If, then, the Lodge be a spiritual focus-point, the centre of the Lodge,
where the "G" is exhibited, is' its most vital and sacred point ; the point
at which Divine Energy may be thought of as concentrated and specially
powerful . And the reason will become clear for placing the candidate at
that point at a certain moment in the Ceremony .

Why is he then placed in the centre ? Previously he has been placed, not
there, but in certain more removed places in the Lodge ; in the N.E. or the
S.E. corners where the intensity of the central Light is theoretically less
powerful, where it is tempered and adjusted to his as yet unperfected
organism, and where charges and instruction appropriate to his then state
of advancement are imparted to him . But when directed to be placed in the
Lodge-centre, he is called upon to stand, as it were, in direct alignment
with the descending ray of the Supernal Light and to bear the stress of its
full current . The intensity of that current can only be borne and
withstood by one who is perfect in all his parts and in whom the sensual,
emotional, and mental natures have been purified, rectified and brought
into harmony and to an alignment corresponding with the physical and moral
erectness of a just and upright man ; an unpurified man would run the peril
of having his organism injured or shattered by a current of that fiery
Power, by which every soul must sooner or later be tested, but which
consumes everything not assimilable with itself. The three Hebrew
"children" (i.e., initiates) who withstood unscathed the fiery furnace into
which they were plunged, typify the truth here - testified to .

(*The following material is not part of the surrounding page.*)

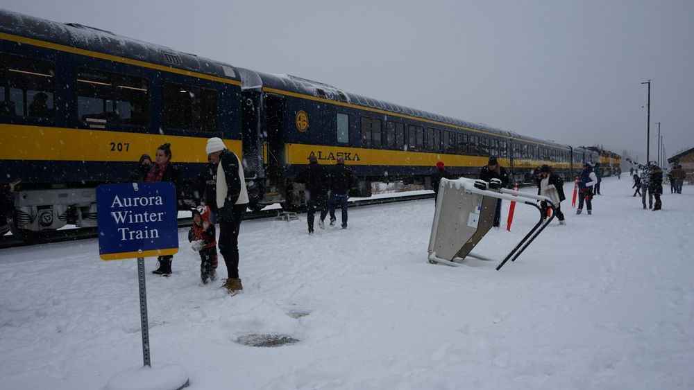 デナリ州立公園駅のオーロラウィンタートレイン。
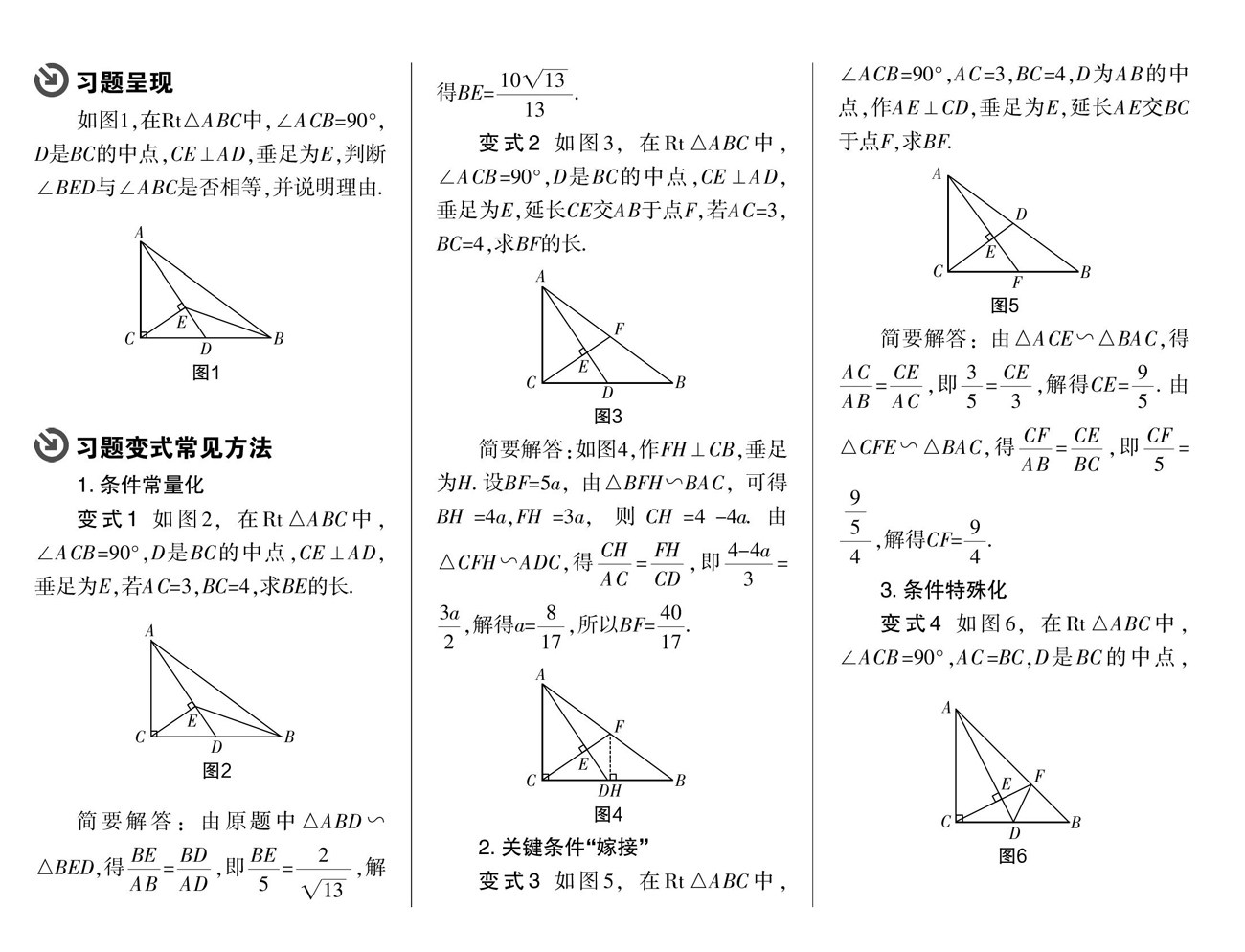 如图1,在Rt△ABC中,∠ACB=90°,D是BC的中点,CE⊥AD,垂足为E,判断∠BED与∠ABC是否相等,并说明(剩余1414字)

When, therefore, a candidate is placed in the centre of the Lodge, beneath
the "G" symbol, let those assembled around him try to realize the intention
of what is thereby implied. Let them reflect that at that important moment,
more perhaps than at any other in the ceremonies, it is possible for the
celestial Light to descend upon the duly prepared candidate, to flood his
heart and expand his mind, and so to open his understanding to the
instruction then communicated to him that he may realize the spirit as well
as hear the letter of it, whilst standing in that sacred position. And let
them at that moment silently and earnestly invoke the Light of the centre,
that it may then consciously arise in both him and them, so that what is
done ceremonially may become for them both, a great fact of spiritual
experience .

The point is emphasized here with earnestness, because the Masonic
procedure of placing the candidate in the centre of the Lodge at an
important stage of his progress not only perpetuates a traditional and
purposeful ancient practice, but also accords with what occurs in
Initiations of a much more advanced and real character than it is possible
to speak of here, as those who become duly qualified will one day come to
find. By understanding and being faithful in the small things of even an
elementary and ceremonial system, one becomes educated for and prepared to
be entrusted with greater ones when the time for acquiring them arrives.